Henry VIII is a prime example of a Tudor monarch who embraced his expected gender role. Henry was known to regularly project his masculinity in jousting tournaments, where he insisted on only challenging the strongest, most talented competitors to demonstrate his masculinity. Tudor gender roles also greatly encouraged Henry’s actions as a husband. His many affairs, especially while married to Catherine of Aragon, were presented as the actions of a caring and dutiful husband, seeking sexual outlets during his wife’s pregnancy. To many, this was the honourable thing for Henry to do as it protected his wife from any issues Henry might experience from not ‘releasing his seed’. Maintaining his masculinity remained of the upmost importance in all aspects of his life, not only to the King himself, but also to those surrounding him in court and his people. For example, during the tumultuous Reformation of England, Henry fathering a son as an heir to the throne remained at the centre of the country’s goals. Following this, Henry’s masculinity was utilised advantageously during his many divorces. One of the charges against Anne Boleyn, for example, included Anne and her brother occasionally laughing at the King’s clothing, which was treated as a great offence during her trial as Henry’s clothing was seen as an extension of the man he made of himself. The protection and maintenance of Henry’s masculine image enabled him to make many harsh decisions throughout his reign without repercussions, particularly against his six wives.

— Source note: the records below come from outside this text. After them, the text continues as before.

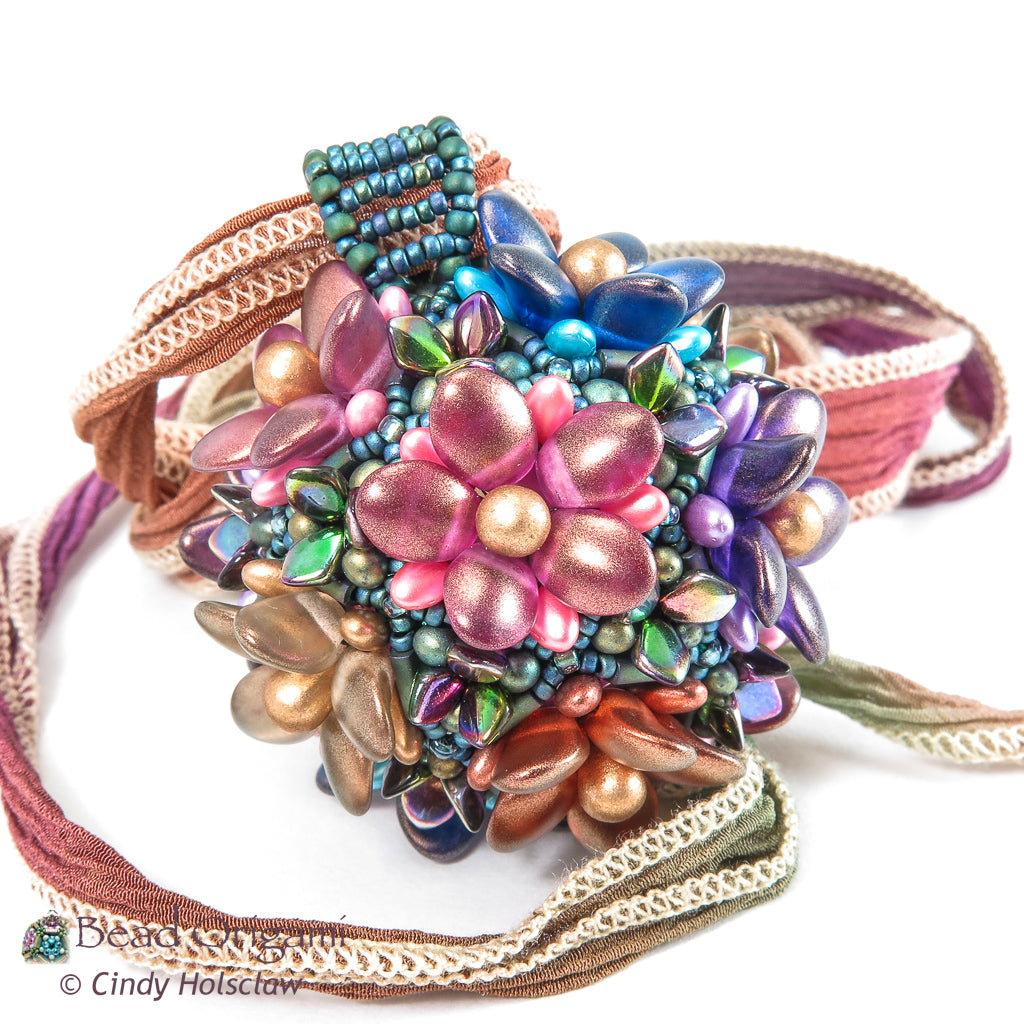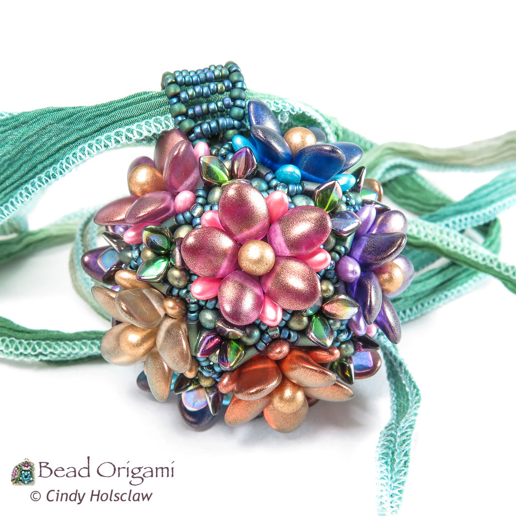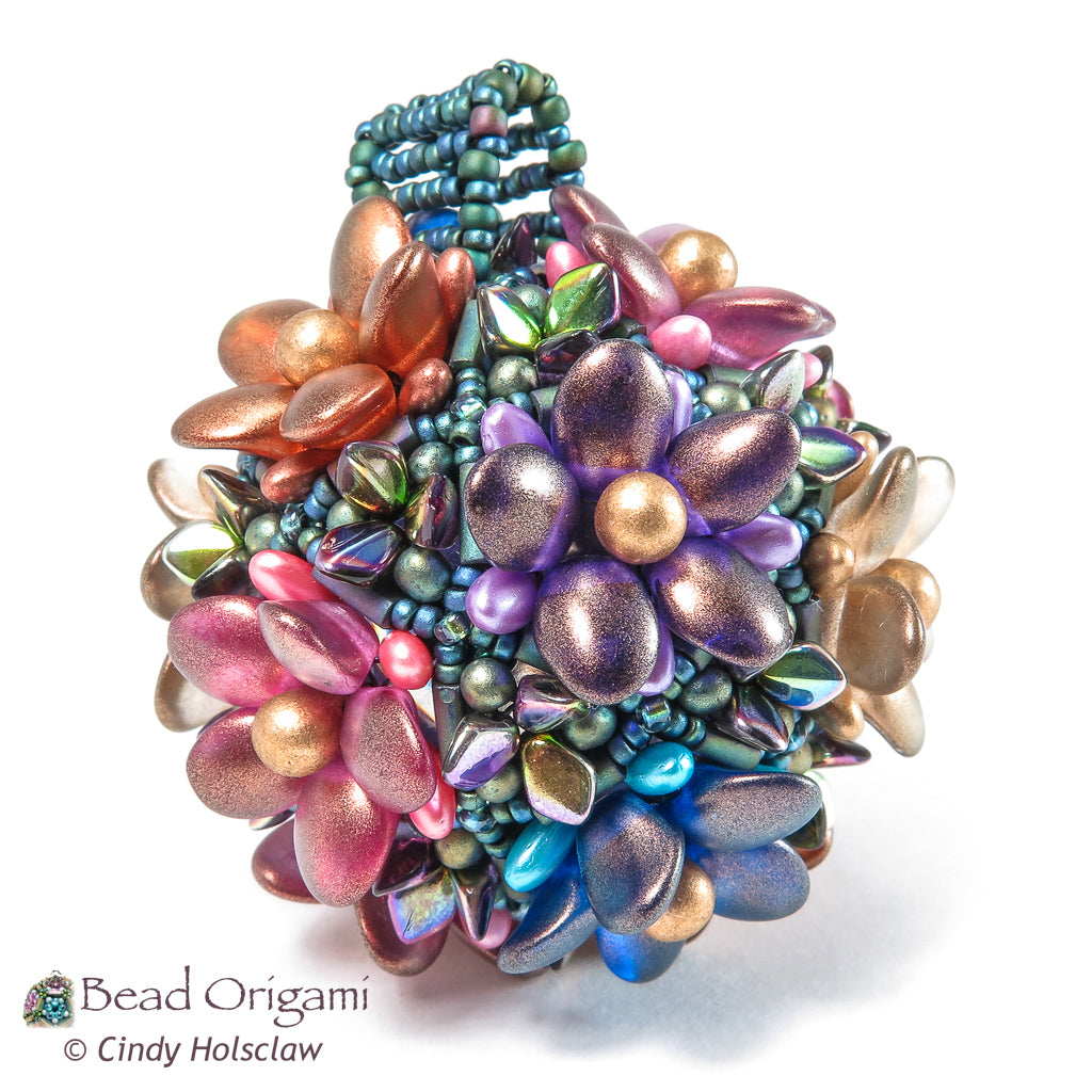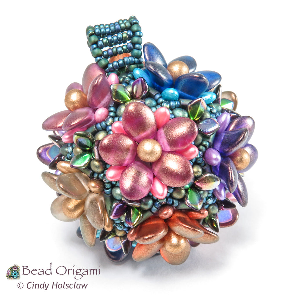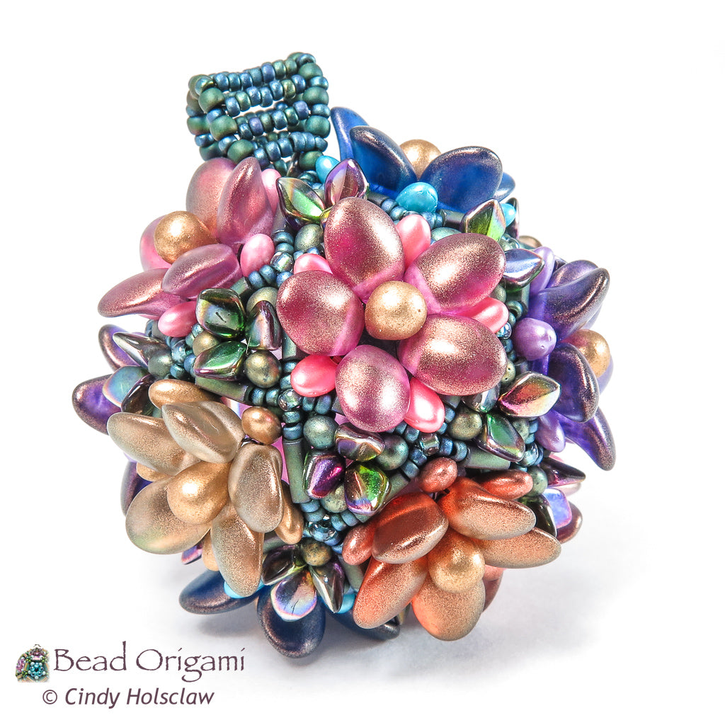 Stitch a beaded topiary with shaped beads! The Succulent Topiary Pendant features a diverse collection of Japanese and Czech shaped beads that join together to create a floral pendant. This clever design follows the geometry of an icosidodecahedron; a close relative of dodecahedron with room for 12 flowers surrounded by 20 bits of beaded greenery. The pattern explains how to weave the flowers in an even color distribution so that no two flowers of the same color sit next to each other. Measuring over 1.75 in (45mm) in diameter, this hefty pendant makes quite the statement!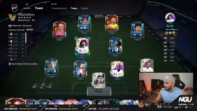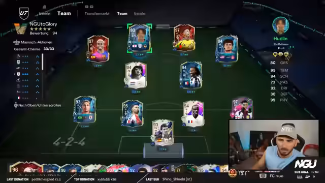 Es wurde ein intensiver Grind im FUT-Champions-Modus absolviert. Ein Team um Cristiano Ronaldo und Lamin Jamal wurde getestet und gegen Top-Gegner eingesetzt. Trotz hoher Siege und seltener Niederlagen wurde das Team als sehr potent eingestuft. Zukünftige Verstärkungen wie Mbappé wurden angedacht. Höhepunkt war das Öffnen von Player Packs, bei denen Spieler wie Dembélé gezogen wurden.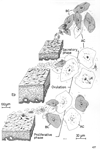 腟【ちつ】 Fibromuscular canal about 10 cm long that is flattened frontally and appears H-shaped in cross-section.(腟は女性の交接器であり、産道の下部をなし、月経による産物を排出する経路となる。上方は子宮口を通じて子宮腔に、下方は腔口を通じて腟前庭で外界に開く。腟口を不完全に閉じる粘膜のヒダが処女膜で、その遺物が残るものを処女膜痕という。子宮の腟部が腟後壁の方を向くため、後壁は長く(7cm以上)、前腟はやや短い(6cm)。子宮腟部と腟壁の間で、腟部を輪状に取りまく陥凹を腟円蓋という。腟壁には横皺が多く、腟粘膜皺といい、前・後壁には縦の隆起があって、前皺柱、後皺柱という。前皺柱の下部は尿道により生ずる腟の尿道隆起に連続する。粘膜上皮は重層扁平上皮、筋層は平滑筋からなる。腟の刺激によって、性感特に絶頂反応(オルガスム)が起こるメカニズムについたは、ほとんど何もわかていなかった。産婦人科医の話によると、腟口の一部分を除けば、腟は機械的な刺激には鈍感らしい。メスで切っても鉗子でつまんでも、患者は痛みを訴えないという。組織学的にも、腟壁に豊富な知覚神経が分布している様子はなく、終末装置のようなものは全く見られない。それでは性交による腟の快感はどこからくるのだろうか?最近の研究によると、その答えは、腟の前方を走る尿道にありそうだ。免疫組織化学の発達によって、尿道の固有層と更に上皮の中に、知覚神経(Substance PとCGPRという、いずれも知覚神経に特徴的な伝達物質を含む)が、想像を絶するほど密な網を作っていることが分かってきた。それに加えて上皮の中には、セロトニン(5HT)というアミンを分泌する、神経細胞に似た正常の細胞(paraneuron)がたくさんに分布している。このパラニューロンは、上皮の中に樹枝状に突起を伸ばし、その分布と形態から見て、圧迫される、引き延ばされる、といった機械的な刺激を受ける機械受容細胞mechano-receptorと推定される。)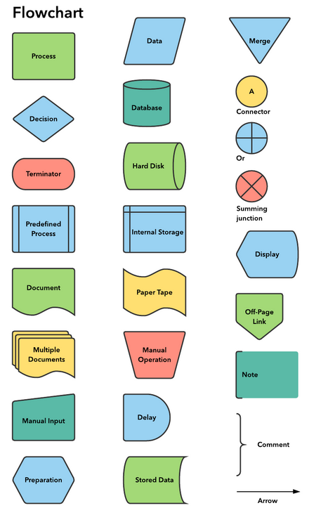The shapes all represent a specific action. In a flowchart, the shape is important. The key is shown below: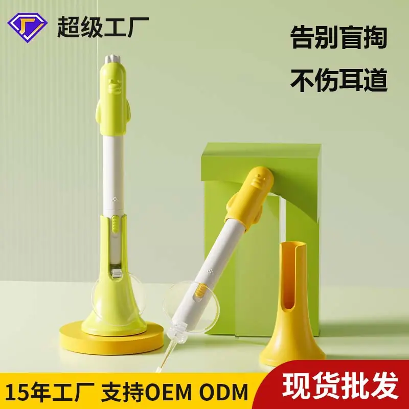 Cuchara luminosa para oídos de niños con lupa y juego de base herramienta de limpieza de oídos de silicona para bebés cuchara visual para oídos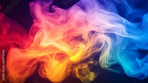 Abstract close-up of colorful smoke plumes in motion, creating a sense of fluidity and energy against a dark backdrop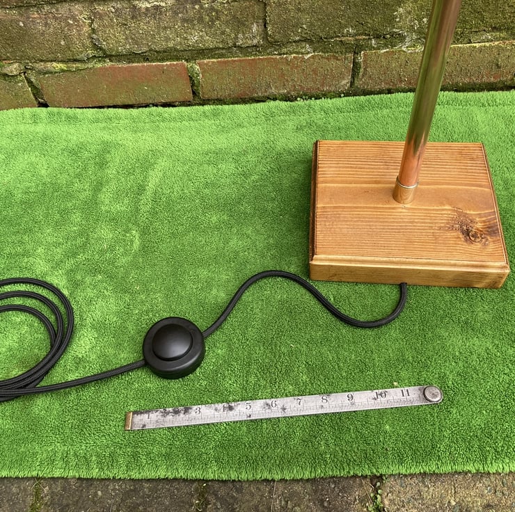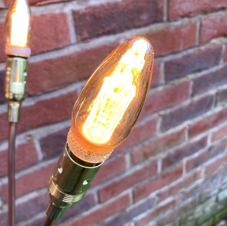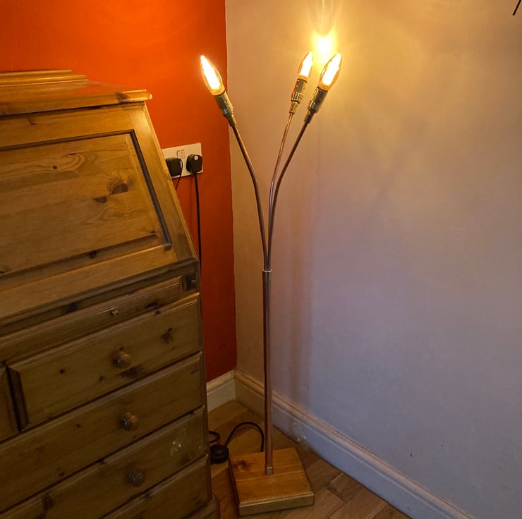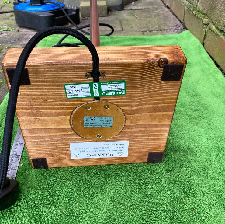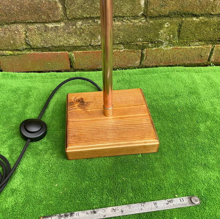 All electrical parts are brand new; over two metres of luxury black fabric braided flex supply the power, from a British Standard 3 amp fused plug, through a black inline foot switch to four brass plated SES lampholders fitted with four very economical 2-Watt squirrel cage candle LED bulbs, selected for their decorative warm light which reflects from the polished copper beautifully. The base is reclaimed floor joist, planed, sanded, stained to darken it and French polished to give it a beautiful, non-sticky, sheen.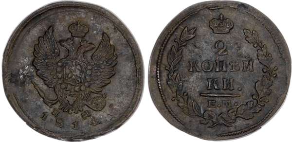 Russia, Empire. Alexander I CU 2 Kopeck. Ekaterinburg mint, 1814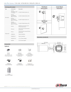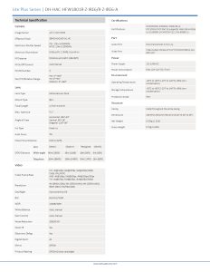 1/2.7 inch CMOS; 3840 (H)? 2160 (V), 4K; Progressive; Up to 60m(196.85ft); Motorized vari-focal Lens; CVI/CVBS/AHD/TVI switchable; BLC: BLC/HLC/WDR; WDR: 120dB/WDR; White Balance: Auto/manual; Noise Reduction: 2D&3D NR; One channel built-in mic (-A); Video output choices of CVI/TVI/AHD/CVBS by one BNC port; 12V ?30% DC; Casing: Metalen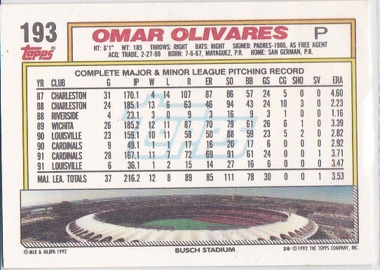 M) 1992 Topps Baseball Trading Card - Omar Olivares #193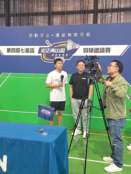 表演賽結束後,李洋到2樓與宏正科技老闆合影並接受媒體訪問。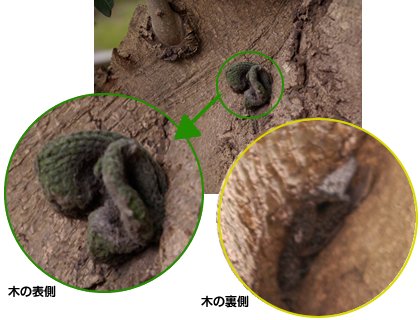 庭の作業をした人が木にかけて忘れたらしいのですが、誰にも発見されずに何十年もの月日が流れたようなのです。気がついたら、木が軍手を抱き込んで成長していたそうです。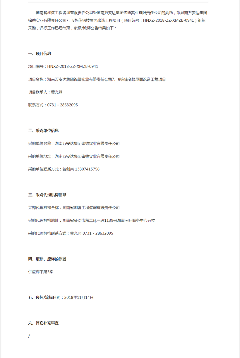 湖南萬安達集團銘德實業(yè)有限責任公司7、8棟住宅樓屋面改造工程項目廢標公告/流標公告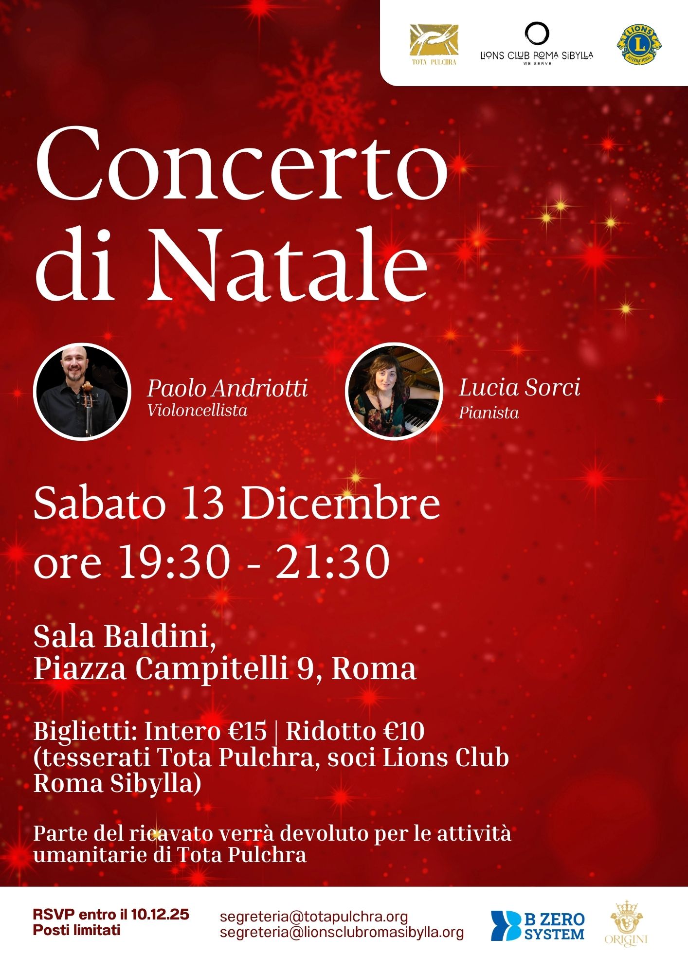 Sabato 13 dicembre 2025, a partire dalle ore 19:30, l’associazione Tota Pulchra, in collaborazione con il Lions Club Roma Sibylla, organizza il tradizionale Concerto di Natale presso la prestigiosa Sala Baldini di Roma.

There were completely different gender roles surrounding women of the Tudor period. Elizabeth I was subject to pressing expectations from the outset of her reign, as the people of England felt a profound unease at being subjected to the rule of a woman, particularly after the turbulent rule of her sister, Mary I. However, Elizabeth managed to use the expectations of women to her advantage throughout her reign. On one hand, Elizabeth colluded with blatant misogyny by consistently referring to herself as a weak, feeble woman. On the other hand, however, she used more masculine terms, such as referring to herself as a ‘Prince’, to appear more powerful and assertive. By pretending to regret that she had been born a woman, Elizabeth was able to manipulate her male courtiers and establish her authority in what was essentially a man’s world. Elizabeth used stereotypes in this way to further assert control in her court and in international politics. She gained the famous label the ‘Virgin Queen’, but also as a flirtatious woman throughout court. The Tudors expected a wife to submit to her husband, but Elizabeth had no intention of being governed by a man. Elizabeth attempted to maintain a good relationship with those who had proposed marriage through her flirtatious nature to ensure good relations remained in court and therefore with other countries. However, Elizabeth could not entirely escape the misogynistic attitudes faced by Tudor women, as there was much gossip surrounding her relationships at court. For example, rumours regarding an allegedly ‘explicit’ relationship with her favourite courtier, Robert Dudley, could have proved dangerous for Elizabeth. If gossip that Elizabeth had not remained a virgin had spread to international court, it would have not only negatively impacted her relations with those who had previously made marriage proposals, but may have also impacted her position as monarch, as rumours also spread that the sudden death of Dudley’s wife in 1560 was orchestrated by Elizabeth.
Henry was front and foremost a man so it was easier for him to control those around him to comply with what he required to keep his masculinity in check, whether that be taking part in sporting activities, or finding a new wife. Elizabeth, however, needed to take more care with how she treated the court. It was more important for her to create a strong relationship with the court by playing up a role as a ‘feeble’ women so that she could maintain stability as monarch.